In addition, preferred is a method as defined above, in which R6denotes phenyl, cyclohexyl, 3,5-dimethylphenyl, 3,5-dateformatitem or norbornyl.

R7preferably denotes cyclohexyl, phenyl or phenyl containing from 1 to 3 substituents independently selected from the group comprising alkyl, trifluoromethyl and alkoxygroup.

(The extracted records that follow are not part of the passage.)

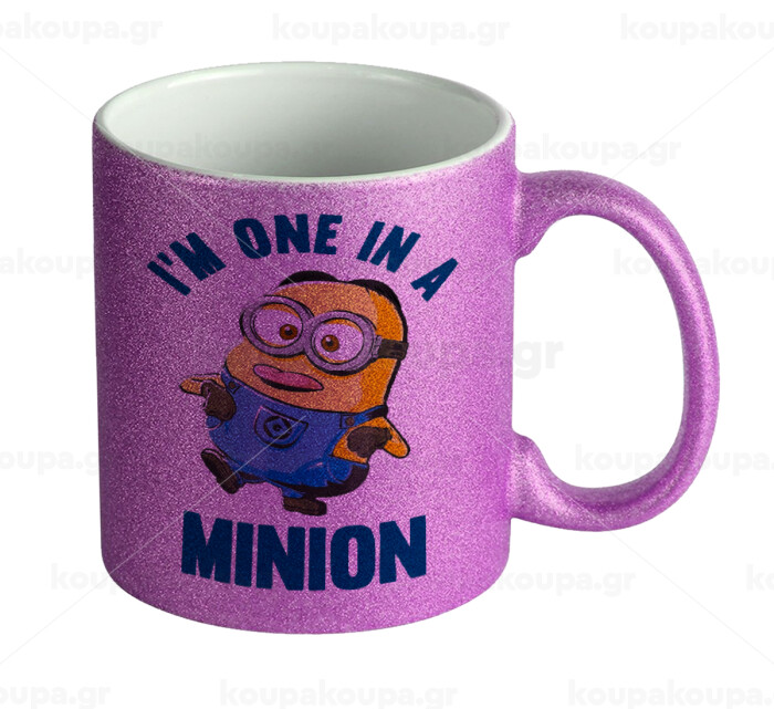 I'm one in a minion, Κούπα Μωβ Glitter που γυαλίζει, κεραμική, 330ml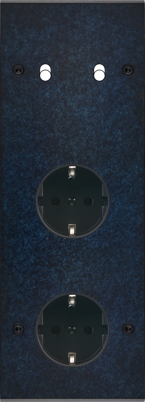 Façade Fascination en laiton massif finition Ombre triple verticale 2 Basculeurs 1 prise Schuko 1 prise Schuko à vis. Dimensions : 80x222x5mm, deux chanfreins biseautés. Fabriqué en France, dans les ateliers de Steaven Richard.
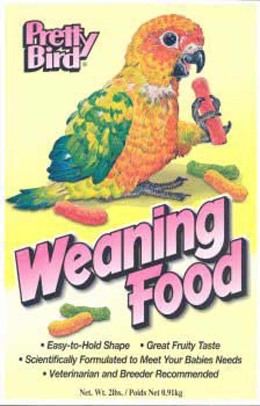 This product has the same nutrition as the breeder food but is extruded in a corn curl shape that is easier for young birds to hold while they are learning to eat. Weaning can be fed either dry or moistened and is available in 2 lb., 5 lb., and 20 lb. Packages.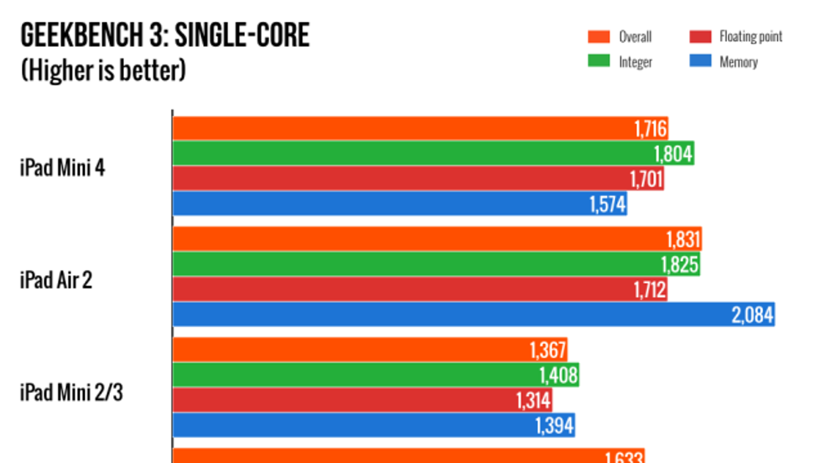 Во-первых, платформа A8 в планшете работает на частоте 1,5 ГГц, тогда как у прошлого поколения смартфонов частота SoC составляет 1,4 ГГц. Второй нюанс — iPad mini 4 располагает 2 ГБ оперативной памяти, как и Air 2, тогда как у предыдущих малышей памяти вдвое меньше.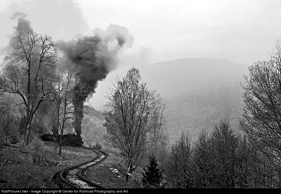 During an early railfan weekend, Cass Scenic Railroad Shays 4 and 5 lead a train up Cass Hill through Gum Curve on May 16, 1975. Photograph by Fred M. Springer and courtesy of the Center for Railroad Photography & Art. For more information on the Center, click here.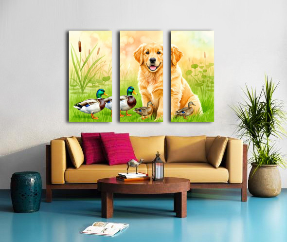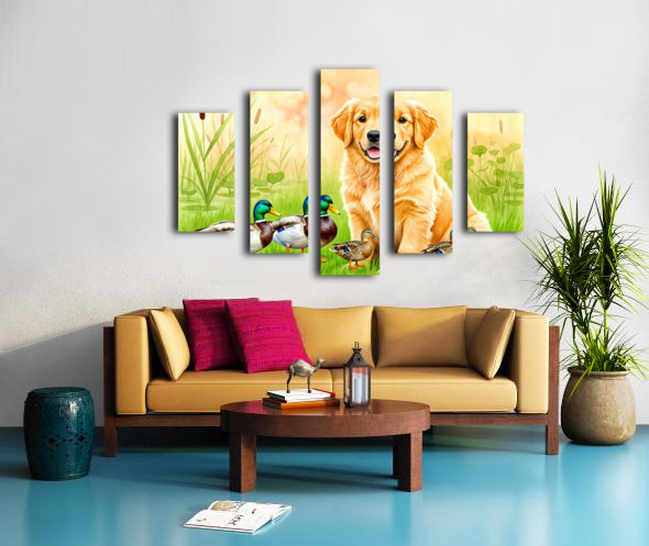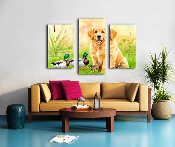 Golden Retriever Puppy Discovers The Pond Canvas print

Also preferred is a method proposed in the present invention, in which R represents cyclohexyl, phenyl, 3,5-dimethylphenyl, 3,5-dateformatitem, 3,5-dimethyl-4-methoxyphenyl or 2-methylphenyl.

Especially preferred is the method proposed in the present invention, in which R is cyclohexyl or phenyl.

The method proposed in the present invention, in which R9represents cyclohexyl or phenyl is preferred.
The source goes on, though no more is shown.